Infant Characteristics

The infant characteristics studied included GA, birthweight, gender, postmenstrual age and postnatal age at observation. GA was determined by consensus based on three measures of GA (i.e., the mother’s last menstrual period, the Ballard scoring system, and ultrasound with birthweight consistent with age).

Infant State

In the original study, infant sleep-wake states were coded based on the 13-states scoring system designed by Als (1986). Each state was defined based on respirations, eye movements, eye opening, facial expressions, gross body movements, skin color, and tonus. In addition, each state was labeled in detail as diffuse (immature) or defined (mature) state. In the original study, there was little variability in the distribution of states using the 13-states coding system, and some states had extremely few occurrences. Therefore, in the secondary analysis, the 13 states were condensed into 4 major state categories: quiet sleep, active sleep, drowsy, and awake (Thoman, 2002). These four states categories were further examined using the descriptors diffuse and defined as reported by Als (1986). Diffuse and defined indicate the maturity of the specific state.

Data Analysis

Infant characteristics and states were summarized using descriptive statistics. Differences in infant demographics between the original study’s two nurseries were tested using t test for continuous variables and chi-square for categorical variables. There were no statistically significant differences between the nurseries; therefore data were pooled for analysis. Postmenstrual age was grouped into 2-week intervals (i.e., 31-32, 33-34, 35-36, 37-38, and 39-40 weeks postmenstrual age).
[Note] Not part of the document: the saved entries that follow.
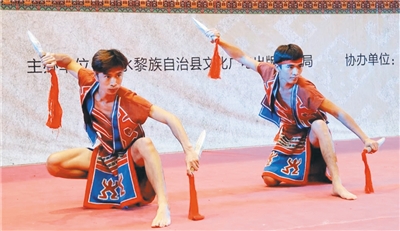 从《平安舞》《锣鼓舞》《敬祖舞》《花灯舞》中,我们可以窥见黎族以祖先崇拜和万物有灵的自然崇拜为核心的原始宗教信仰;《钱串舞》和《舂米舞》再现黎民原始劳作“刀耕火种”的情景;《钱铃双刀舞》和《打曲舞》中,舞者手持刀棍打斗,动作剧烈而又悲壮,则生动展现了黎族人民的英勇斗争史。
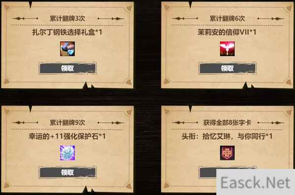 累计翻牌达到一定次数,可获得对应奖励,获得全部8张字卡,还可获得“头衔:拾忆艾琳,与你同行”哦!需要注意的是,头衔将于12月13日维护后开放领取,奖励领取有效期至12月25日,兑换码使用有效期至2023年1月15日23:59。
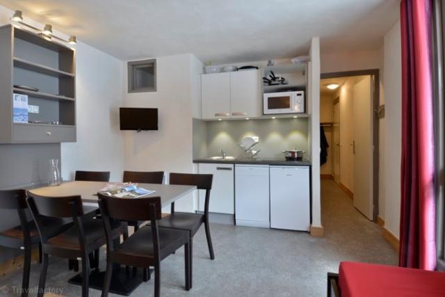 L'appartement avec balcon est moderne et agréable. Profitez de l'accès libre à la piscine extérieure chauffée de la station !
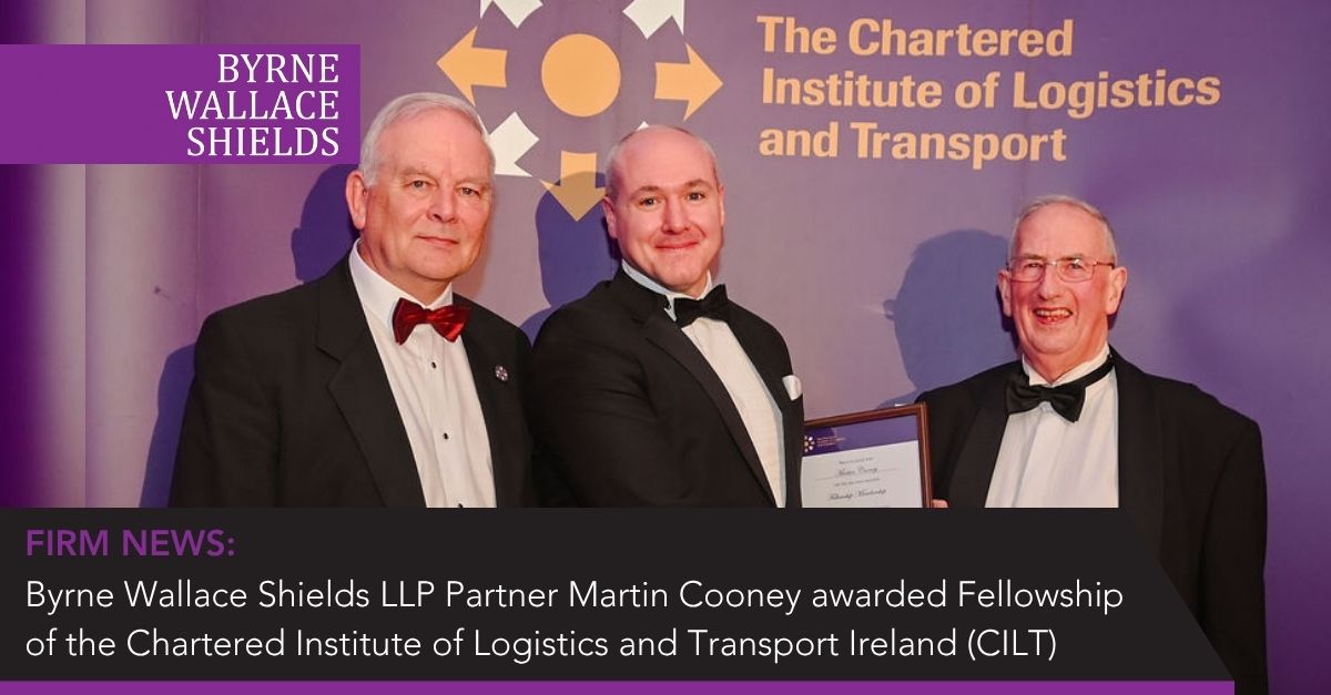 Byrne Wallace Shields LLP is delighted to announce that Partner and Head of Infrastructure, Construction and Energy Group, Martin Cooney was awarded the prestigious award of Fellowship of The Chartered Institute of Logistics and Transport Ireland (CILT) at the 73rd Annual Dinner hosted on Thursday, 16 October 2025 at the Royal Marine Hotel, Dún Laoghaire.
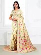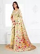 Green-Lily Floral Printed Saree with Tasseled Pallu and Wide Border
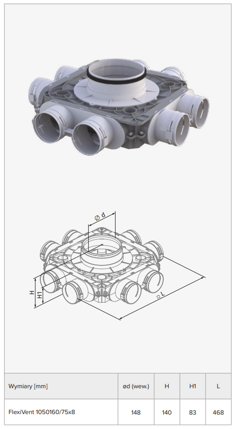 FLEXIVENT1050160/75X8 - Rozdzielacz 8- króćcowy, 8x75/160 mm FlexiVent

The total percent of time in each of the four states (quiet sleep, active sleep, drowsy, and awake) per recording was calculated to account for variations and recording length. Percent of time in states categorized as diffuse and defined were also calculated. The mixed general linear (MGL) model was used to determine relations of state organization with infant characteristics. Traditionally, repeated measure linear regression models are used to study changes over several time points. However, these techniques are limited to categorical independent variables and are prone to individual differences in change over time (Curran & Muthen, 1999). The MGL model has the advantages of traditional regression models and can handle unequal variances, correlated variables, clustered data, and missing data. Moreover, the MGL model provides a more comprehensive understanding of the development of state organization in preterm infants by allowing the inclusion of covariates that differ between subjects and over time, and vary in the length of observation and duration between observations. Group, as well as individual, growth patterns can be identified (Holditch-Davis & Edwards, 1998a, 1998b).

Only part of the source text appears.